##### Material for the task

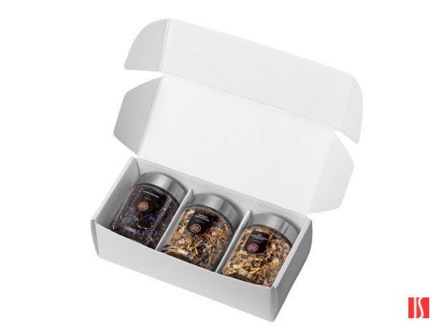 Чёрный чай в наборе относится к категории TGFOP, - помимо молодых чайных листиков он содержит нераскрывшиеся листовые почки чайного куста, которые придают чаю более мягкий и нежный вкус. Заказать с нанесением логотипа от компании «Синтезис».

##########
##### Material for the task

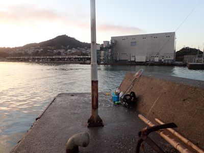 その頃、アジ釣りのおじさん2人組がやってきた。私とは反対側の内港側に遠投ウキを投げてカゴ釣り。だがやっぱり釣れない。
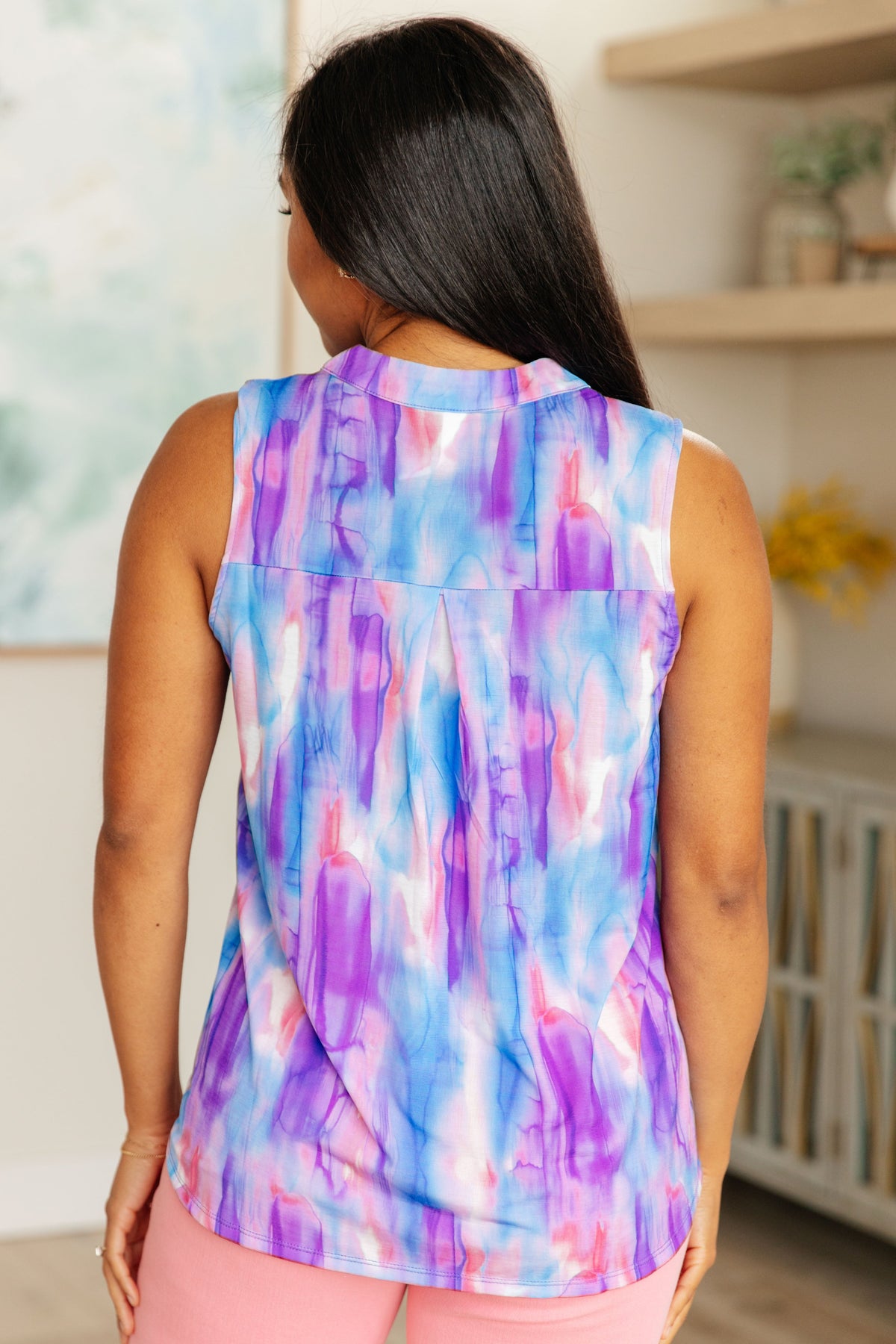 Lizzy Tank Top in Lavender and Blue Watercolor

##########

[Work item]
When you reach the line with "その頃、アジ釣りのおじさん2" in the records above, start writing out each line exactly, and stop after the line with "Lizzy Tank Top". Pictures stay out.

[Result]
 その頃、アジ釣りのおじさん2人組がやってきた。私とは反対側の内港側に遠投ウキを投げてカゴ釣り。だがやっぱり釣れない。
 Lizzy Tank Top in Lavender and Blue Watercolor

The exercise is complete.